Hahaha! You tell 'em!
We've already established in a different thread that my memory is like a sieve, but I think the story is something like this: The Europeans were talking about exposing the Javascript dictionary data structure to users, because it's very efficient. I didn't like the idea because we had started with the idea of providing just a minimal toolkit that would still be quite adequate to allow users to invent their own programming language features, namely, first class functions, with which users can invent any control structure, and first class lists, with which they can invent any data structure. We bragged that we could make a serious computer science language by adding just eight blocks to Scratch.
In particular, our theory as teachers was that kids would learn a lot of computer science by building their own implementations of the things that those inferior programming languages (not Scratch, I mean Python and JS and that crowd) led them to believe had to be provided by the programming language wizards -- for example, that you can't do object oriented programming unless you're using a special object oriented language. But also that even something as simple as a FOR loop had to be provided as a special syntax in the language.
Since then, though, we have been slowly creeping toward being more like those other languages, providing everything under the sun as primitive. Dictionaries are an example of that, and a particularly egregious one because it's really quite easy to implement a dictionary as a list of key-value pairs. (See ASSOC in the file utilities library.) But that implementation is slow if you have a large dictionary -- 10,000 entries, say. The Javascript implementation uses hash tables, for constant-time lookup. (You can build hash tables in Snap!, too, efficiently, but the code is no longer trivial.)

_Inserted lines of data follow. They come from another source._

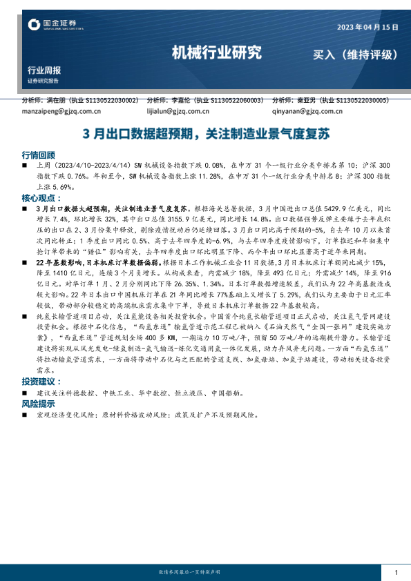 【国金证券】【20230415】20230415-国金证券-机械行业研究:3月出口数据超预期,关注制造业景气度复苏-15页
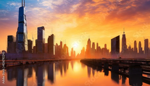 © ExploreAI, Obraz premium sunset over the city
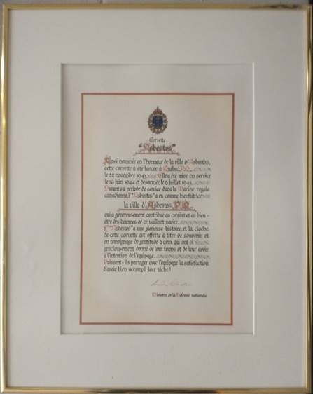 Ces certificats et images présentent des renseignements historiques sur l’ancien NCSM Asbestos. Ils ont été montés et encadrés par la ville d’Asbestos.
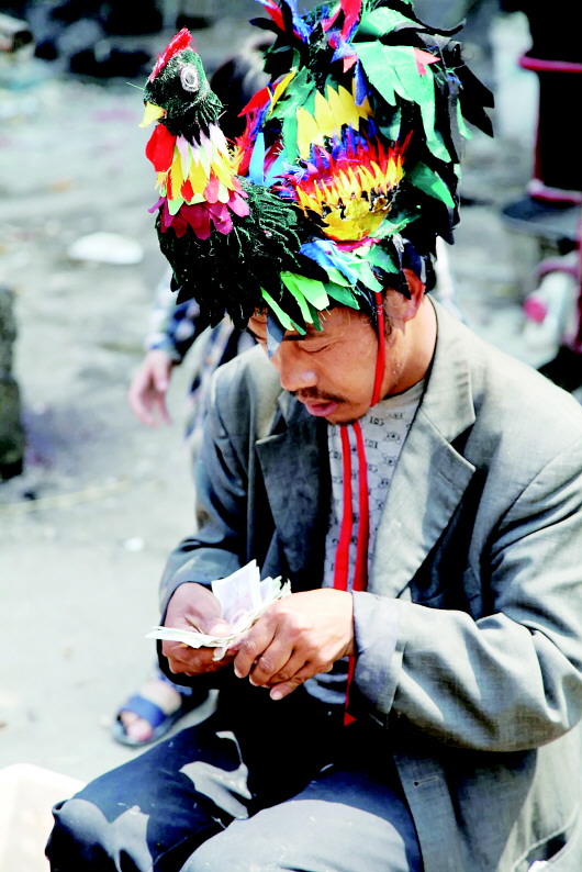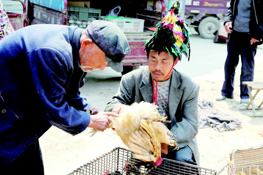“妈妈,叔叔戴的公鸡好漂亮。”一个六七岁的男孩被中年男子头上的公鸡吸引,停下脚步。“多少钱一只,给我拿五只吧。”此时,一位头发花白的老人拿过塑料袋,抓起了几只小鸡。
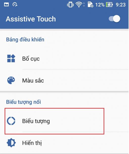 Bạn còn có thể thao đổi màu sắc, biểu tượng, kích thước của phím Home ảo này trong mục Biểu tượng nổi nữa đấy!

So we were disagreeing, and then they proposed a compromise: Dictionaries would look to users just like lists of key-value pairs; you could make one out of two columns of a spreadsheet, for example. The dictionary would look just like a two-column spreadsheet, but could be accessed by giving nonnumeric first inputs to ITEM. You could use the dictionary just like any other list; for example, you could MAP over its key-value pairs and get a new dictionary.
This is way better, I'm mostly convinced, than having an entirely separate dictionary data type. But I still miss the days when we were all about proving how little you need in your language to support building your own dictionaries or whatever.

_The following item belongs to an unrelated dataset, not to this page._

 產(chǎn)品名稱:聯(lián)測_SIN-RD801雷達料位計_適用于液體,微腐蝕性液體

You're just too accustomed to Scratch. :~) All our other input slot types let you put any expression into them, and if your expression reports a value that isn't in the domain of the function you're calling, that's a runtime error, not a syntactic error caught in advance. In Scratch, whose data types are mostly just numbers and text (Booleans are allowed in very limited contexts), they could realistically have the goal of never showing the user an error message, but instead preventing the user from making the error in the first place. But in Snap!, that restriction on typing non-digits into a numeric block is this strange exception. And it gets in the way of using exact rational or complex inputs to arithmetic operations.